In column (1), the estimated coefficient for the TCR variable of 1.3 suggests that the presence of some form of TCR reduces the consolidated debt ratio on average by about 1.3 percentage points. Column (2) suggests that a TCR applying to total debt, with a coefficient of 5.1, has a much stronger negative effect on consolidated corporate debt than do the generality of TCRs. In column (3), this effect is similar and can be compared with the coefficient for related-party TCRs, which is only one-tenth of that. A Wald test strongly rejects the hypothesis that there is no difference between total-debt and related-party TCRs (with a p-value of 0.00). Columns (4) to (6) in Table 2 are the same as columns (1) to (3), except that they include industry-year fixed effects allowing industry shocks to be year-specific instead of industry and year fixed effects. The main results carry over, except that the coefficient for related-party TCRs become statistically insignificant. Hence, the results indicate that total-debt TCRs help to address debt bias, with a robustly significant and large negative coefficient. However, the effect of related party-TCRs is less clear-cut and much smaller in size. Also, there is no indication that related-party TCRs indirectly increase external debt through the use of back-to-back loans.

Table 4 reports results from estimating specification (2). In all columns, the estimated effect of the interaction term between taxes and tangibility on the consolidated debt ratio is positive, suggesting that debt bias is higher in capital-intensive industries, i.e., firms that rely more heavily on tangible assets react more strongly to corporate tax rates. This is perhaps because they have relatively easier access to credit. Column (2) adds the interaction between the TCR-variable and tangibility. This coefficient is statistically significant and negative.
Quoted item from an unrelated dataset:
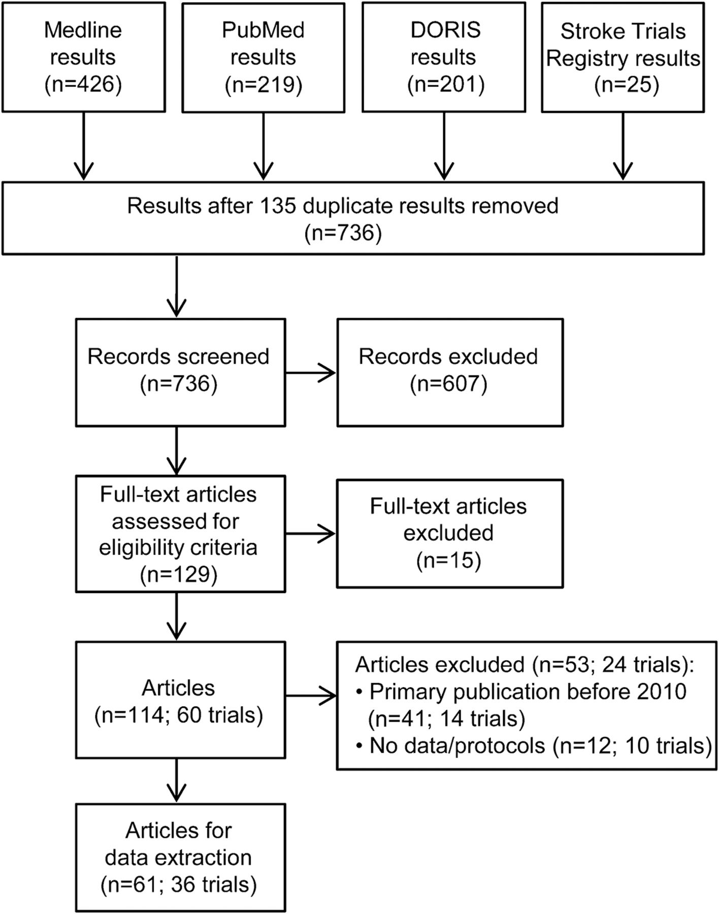 我们搜查了Medline, PubMed Cochrane数据库研究中风(多丽丝),和中风试验注册英语出版物之间的1月1日2010年5月31日,2014年,随机对照试验的结果报告的急性缺血性中风的干预措施。下面的文本和网格计算中使用我们的搜索:Medline:中风(网格计算)和(急性或血管内手术或溶栓治疗或tPA或纤溶酶原激活物或fibrinolys *或血栓切除术或再灌注或再通);PubMed:(急性中风或急性缺血性中风和中风和[血管内手术或溶栓治疗或tPA或纤溶酶原激活物或fibrinolys *或血栓切除术或再灌注血管再通]和[randomiz *或控制]不是Medline);桃乐丝:与限幅急性治疗急性缺血性中风(< 30天)和过滤器相关的和现有的证据;急性缺血性中风临床试验注册中心:主要目的是治疗的过滤器完成研究。这些搜索了871篇文章,其中135是重复的,给736独特的文章(图1改编自棱镜指南)。
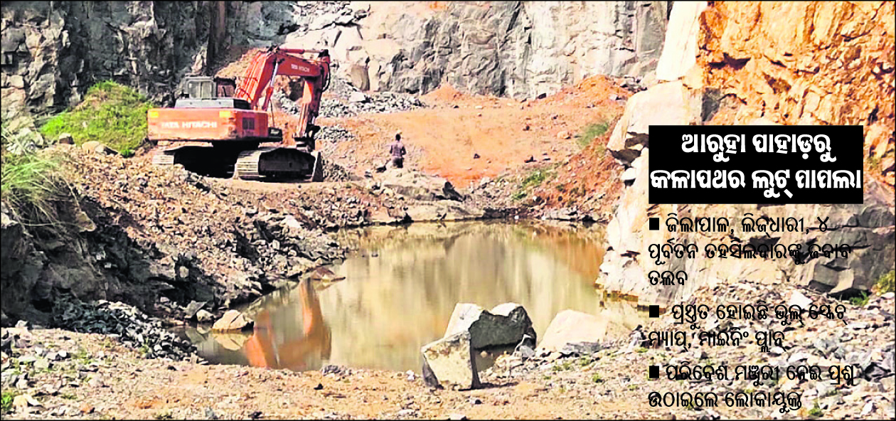 ସୂଚନାଥାଉ କି, ୧ା୯ା୨୦୧୭ରେ ଆରୁହା କଳା ପଥର ଖାଦାନ-୧ ଲିଜ୍ ପାଇଁ ଧର୍ମଶାଳା ତହସିଲ ପକ୍ଷରୁ ବିଜ୍ଞପ୍ତି ପ୍ରକାଶ ପାଇବା ପରେ ତ୍ରିନାଥ ଜେନାଙ୍କୁ ୫ ବର୍ଷିଆ (୪ା୧୨ା୨୦୧୭ରୁ) ଲିଜ୍ ପ୍ରଦାନ କରାଯାଇଥିଲା। ଜମି ରେକର୍ଡ ଅନୁସାରେ ଆରୁହା ପାହାଡ଼ରେ ୧୫୩.୬୩୦ ଏକର କଳାପଥର ଖାଦାନ ରହିଛି। ସେଥିରୁ ମାତ୍ର ୩ ଏକର ଖାଦାନ ଲିଜ୍ ଦିଆଯାଇଥିବାବେଳେ ଚଞ୍ଚକତା କରି ପ୍ରାୟ ୧୦୦ ଏକର ପର୍ଯ୍ୟନ୍ତ କଳା ପଥର ବେଆଇନ ଭାବେ ଉତ୍ତୋଳନ କରାଯାଉଛି। ଏଥିପାଇଁ ରାଜ୍ୟ ସରକାର ବିପୁଳ ପରିମାଣର ରାଜସ୍ବ ହରାଇଛନ୍ତି। ଏଥିରେ ସ୍ଥାନୀୟ ପୋଲିସ ଓ ଧର୍ମଶାଳା ତହସିଲ ପ୍ରଶାସନର କେତେଜଣ ସହଯୋଗୀ ହୋଇଥିବା ନେଇ ସାମାଜିକ କର୍ମୀ ସର୍ବେଶ୍ୱର ବେହୁରାଙ୍କ ଅଭିଯୋଗ କ୍ରମେ ଓଡ଼ିଶା ଲୋକାୟୁକ୍ତରେ ୧୩୫୫/୨୦୨୦ରେ ଏକ ମାମଲା ରୁଜୁ ହୋଇଛି। ଖଣି ବିଭାଗର ବିଶେଷଜ୍ଞ ଦଳ ଦ୍ୱାରା ମାପଚୁପ କରାଗଲେ ଲୁଟ୍ ହୋଇଥିବା କଳାପଥରର ମୂଲ୍ୟ ୧୦୦ କୋଟିରୁ ଊର୍ଦ୍ଧ୍ୱ ଟଙ୍କା ହେବ ବୋଲି ଆବେଦନକାରୀ ବେହୁରା କହିଛନ୍ତି।

It implies that TCRs reduce debt ratios differentially more in industries with higher tangibility. These firms are more likely to be constrained in light of their higher debt ratios. Columns (3) and (4) show that this finding is driven solely by TCRs that apply to total debt; the coefficient for related-party TCRS is statistically insignificant.

Table 4.

Thin Capitalization Rules and Tangibility: A Difference-in-Difference Specification

article image
Note: This table shows results from estimating a difference-in-difference specification described in equation (2). ThinCap–all is a variable that depicts whether or not a country embraces a TCR. The variable ThinCap–total is equal to one if the TCR rule applies to total debt, zero otherwise. ThinCap–related-party is equal to one if the TCR applies only to related-party debt, zero otherwise. CitRate is the statutory corporate income tax rate. Data are from ORBIS for 2005–14. The variable tangibility is an industry-specific index that captures industry needs for external financing as in Rajan and Zingales (1998). Robust standard errors are in parentheses. ***p<0.01,**p<0.05, *p<0.1.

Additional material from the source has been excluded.